And coming up, 2013 was one of the worst years for Congress in the history of our country.

So why are some senators telling me next year will be a whole different story?

And right now, pot sellers in Colorado are prepping their stores for what they hope will be a huge rush tomorrow.

The pot demand appears to be there, but will the sellers be ready?

(COMMERCIAL BREAK)

BASH: For Congress, 2013 is a forgettable year. Fewer bills signed into law than any other Congress in modern history, important must- pass items that are usually no-brainers to pass, like the farm bill, are stuck in legislative limbo. It's no wonder Americans' opinions of Congress is lower than car salesman and cockroaches.

But I'm here to give you a little hope for 2014.

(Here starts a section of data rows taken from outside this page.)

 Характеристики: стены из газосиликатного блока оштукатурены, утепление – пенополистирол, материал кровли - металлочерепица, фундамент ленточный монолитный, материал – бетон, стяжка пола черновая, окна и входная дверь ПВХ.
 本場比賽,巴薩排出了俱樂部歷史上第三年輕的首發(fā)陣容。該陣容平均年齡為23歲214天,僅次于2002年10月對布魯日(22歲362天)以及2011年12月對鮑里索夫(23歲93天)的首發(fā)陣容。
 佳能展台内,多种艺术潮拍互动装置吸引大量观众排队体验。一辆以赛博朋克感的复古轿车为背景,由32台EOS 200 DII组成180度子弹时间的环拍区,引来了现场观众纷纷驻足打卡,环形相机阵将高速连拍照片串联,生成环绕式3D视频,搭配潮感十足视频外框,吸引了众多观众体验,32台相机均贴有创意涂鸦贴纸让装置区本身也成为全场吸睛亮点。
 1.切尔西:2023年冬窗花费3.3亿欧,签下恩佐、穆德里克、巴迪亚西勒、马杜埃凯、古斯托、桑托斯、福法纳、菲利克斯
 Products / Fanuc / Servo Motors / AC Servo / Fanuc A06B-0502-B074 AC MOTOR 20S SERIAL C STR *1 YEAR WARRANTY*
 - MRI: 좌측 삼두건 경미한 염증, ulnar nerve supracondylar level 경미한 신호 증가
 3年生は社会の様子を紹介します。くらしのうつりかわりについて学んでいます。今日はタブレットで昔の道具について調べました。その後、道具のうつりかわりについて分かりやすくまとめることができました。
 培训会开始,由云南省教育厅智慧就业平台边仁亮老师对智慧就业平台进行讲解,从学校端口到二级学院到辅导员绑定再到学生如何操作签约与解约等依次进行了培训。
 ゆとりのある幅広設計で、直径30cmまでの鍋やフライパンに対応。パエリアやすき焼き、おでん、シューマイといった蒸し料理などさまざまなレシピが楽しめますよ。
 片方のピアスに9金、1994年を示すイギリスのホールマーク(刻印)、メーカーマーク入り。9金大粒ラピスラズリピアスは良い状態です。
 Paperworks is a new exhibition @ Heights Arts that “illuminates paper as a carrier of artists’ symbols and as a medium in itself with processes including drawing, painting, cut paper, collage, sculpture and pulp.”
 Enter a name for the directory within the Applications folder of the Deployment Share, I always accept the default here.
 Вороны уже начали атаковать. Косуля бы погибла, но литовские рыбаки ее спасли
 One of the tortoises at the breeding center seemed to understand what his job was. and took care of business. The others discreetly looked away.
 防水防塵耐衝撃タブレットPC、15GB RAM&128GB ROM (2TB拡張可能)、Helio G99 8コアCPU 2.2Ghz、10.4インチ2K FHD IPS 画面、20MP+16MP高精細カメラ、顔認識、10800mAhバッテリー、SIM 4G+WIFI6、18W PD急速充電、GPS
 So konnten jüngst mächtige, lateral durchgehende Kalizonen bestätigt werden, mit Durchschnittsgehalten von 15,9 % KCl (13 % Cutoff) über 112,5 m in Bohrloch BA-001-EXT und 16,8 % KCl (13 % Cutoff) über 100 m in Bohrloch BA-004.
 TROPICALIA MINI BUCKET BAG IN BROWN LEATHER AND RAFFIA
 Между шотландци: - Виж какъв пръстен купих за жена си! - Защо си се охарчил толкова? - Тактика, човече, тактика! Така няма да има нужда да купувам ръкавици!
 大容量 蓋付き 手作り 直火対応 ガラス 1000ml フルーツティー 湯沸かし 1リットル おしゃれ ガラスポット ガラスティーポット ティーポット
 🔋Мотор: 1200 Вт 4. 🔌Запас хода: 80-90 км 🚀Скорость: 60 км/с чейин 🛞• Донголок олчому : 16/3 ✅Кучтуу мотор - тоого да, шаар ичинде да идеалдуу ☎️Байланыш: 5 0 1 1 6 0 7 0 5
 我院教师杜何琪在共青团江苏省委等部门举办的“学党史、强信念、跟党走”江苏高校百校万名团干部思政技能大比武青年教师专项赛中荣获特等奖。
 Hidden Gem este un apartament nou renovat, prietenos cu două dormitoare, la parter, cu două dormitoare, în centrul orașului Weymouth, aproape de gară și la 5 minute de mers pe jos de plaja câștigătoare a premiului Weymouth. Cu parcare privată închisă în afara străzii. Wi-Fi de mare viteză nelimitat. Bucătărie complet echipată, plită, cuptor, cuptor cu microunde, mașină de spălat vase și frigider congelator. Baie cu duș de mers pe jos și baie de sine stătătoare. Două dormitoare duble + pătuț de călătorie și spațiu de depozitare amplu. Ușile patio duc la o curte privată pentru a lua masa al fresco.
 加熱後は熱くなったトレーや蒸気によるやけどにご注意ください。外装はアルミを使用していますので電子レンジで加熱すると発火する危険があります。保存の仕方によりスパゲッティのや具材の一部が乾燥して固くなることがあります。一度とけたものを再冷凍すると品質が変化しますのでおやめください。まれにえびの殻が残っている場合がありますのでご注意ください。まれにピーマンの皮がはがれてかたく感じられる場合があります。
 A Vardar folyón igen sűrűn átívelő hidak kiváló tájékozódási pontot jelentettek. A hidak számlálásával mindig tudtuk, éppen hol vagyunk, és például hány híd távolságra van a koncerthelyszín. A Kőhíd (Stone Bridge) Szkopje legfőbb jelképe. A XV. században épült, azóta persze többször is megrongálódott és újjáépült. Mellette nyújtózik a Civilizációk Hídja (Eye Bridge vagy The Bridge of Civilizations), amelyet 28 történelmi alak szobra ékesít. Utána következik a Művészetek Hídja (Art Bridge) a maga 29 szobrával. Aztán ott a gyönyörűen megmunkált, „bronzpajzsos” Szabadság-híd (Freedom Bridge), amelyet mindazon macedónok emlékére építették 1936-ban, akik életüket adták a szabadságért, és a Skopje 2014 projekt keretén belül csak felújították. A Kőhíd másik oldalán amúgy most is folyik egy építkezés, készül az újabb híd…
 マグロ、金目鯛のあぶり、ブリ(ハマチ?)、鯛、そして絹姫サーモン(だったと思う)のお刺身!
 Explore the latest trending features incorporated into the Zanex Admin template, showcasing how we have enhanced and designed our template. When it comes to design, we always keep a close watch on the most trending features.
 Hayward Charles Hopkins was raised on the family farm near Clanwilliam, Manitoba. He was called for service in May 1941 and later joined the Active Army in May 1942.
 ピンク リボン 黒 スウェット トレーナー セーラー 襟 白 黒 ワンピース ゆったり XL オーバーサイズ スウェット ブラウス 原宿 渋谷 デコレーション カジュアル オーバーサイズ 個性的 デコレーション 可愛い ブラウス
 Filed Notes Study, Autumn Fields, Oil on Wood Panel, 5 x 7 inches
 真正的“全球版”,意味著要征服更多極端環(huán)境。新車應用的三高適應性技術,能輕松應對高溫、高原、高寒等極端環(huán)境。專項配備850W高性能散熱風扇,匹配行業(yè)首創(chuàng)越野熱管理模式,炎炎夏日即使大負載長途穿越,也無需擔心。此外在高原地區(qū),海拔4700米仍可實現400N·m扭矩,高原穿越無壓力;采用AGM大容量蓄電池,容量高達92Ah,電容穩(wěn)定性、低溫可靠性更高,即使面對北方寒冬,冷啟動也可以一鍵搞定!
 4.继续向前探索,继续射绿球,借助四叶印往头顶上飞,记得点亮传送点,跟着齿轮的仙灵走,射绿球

I talked to some senators on their way out of town who actually speak to each other across party lines. And they're optimistic about what the new year will bring, even Republican Susan Collins, one of the few remaining GOP moderates.

(BEGIN VIDEOTAPE)

BASH: Is it better, overall, than you've seen it in a long time?

SEN. SUSAN COLLINS (R), MAINE: First of all, compromise is not a dirty word. It doesn't mean giving up your principles. It means respecting the views of those on the other side of an issue and trying to work together to find common ground.

I'm convinced that's what the American people want out of Washington. And it would be helpful if we had more people in the center to bring that about.

BASH: But I've seen you pretty frustrated in years past. You seem less frustrated now with regard to the concept of compromise.

COLLINS: I think the pendulum is starting to swing back toward the center.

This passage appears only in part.